OUR VIEW: Youth sport good in short and long term

Help support local sport in Grand Forks on Wednesday, Sept. 26 by wearing a jersey.

While education is an extremely important factor in a child’s life, the value of sport and play should not be understated either.

According to Health Canada’s website, the obesity rate among children and youth in Canada has tripled over the past 25 years and with the amount of sugar in foods and the sedentary lifestyles that Nintendo Wii, Xbox360 or PlayStation 3 can bring, it’s easy to see why.

Diet, of course, plays a factor in helping children maintain a healthy weight but sports and extracurricular activities that promote active lifestyles are important as well.

To that end, two Saturdays from now (Sept. 29) will be Sports Day in Canada, which is a national celebration of all levels of sport, whether it be children playing in community sports or athletes in high-level competition.

The Sports Day in Canada website says that the event is an opportunity to celebrate the power of sport to build community and strengthen national spirit and more importantly, to help ensure a lifestyle that is healthy.

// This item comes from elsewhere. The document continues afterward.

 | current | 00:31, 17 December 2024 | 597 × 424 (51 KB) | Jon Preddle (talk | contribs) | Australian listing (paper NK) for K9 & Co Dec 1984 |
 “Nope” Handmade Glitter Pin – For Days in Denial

A healthy lifestyle is beneficial to both the young and old but if the foundation is laid at a young age, it will be beneficial, as the elements of that lifestyle – being active and having a proper diet – will be engrained.

While Sports Day in Canada is on Sept. 29, there will be a jersey day on Wednesday, Sept. 26 and people and students across the area will be asked to donate $2 in support of local sport – proceeds will remain in the community.

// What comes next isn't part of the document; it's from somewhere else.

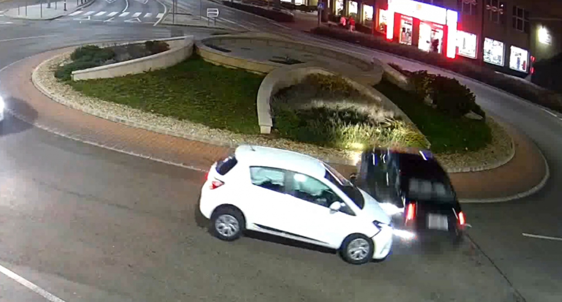 A körforgalomban két autó ütközött, és az ütközés erejét jól mutatja, hogy az egyik jármű irányíthatatlanná vált, és a járdaszegélyen áthaladva a körforgalom belső részén állt meg.

A Public Health Agency of Canada and Canadian Institute of Health Information report on obesity that was released in June 2011 said that one in four adults are obese, while the economic costs linked to obesity (based on diseases related to obesity) in 2008 were estimated to be $4.6 billion.

The toonie contributed on Sept. 26 is for local sport and local sport is a great way for children to be active and with an active lifestyle, the obesity rates among children are sure to decline.

And if there is a decline in children, eventually obesity will decline amongst adults as well.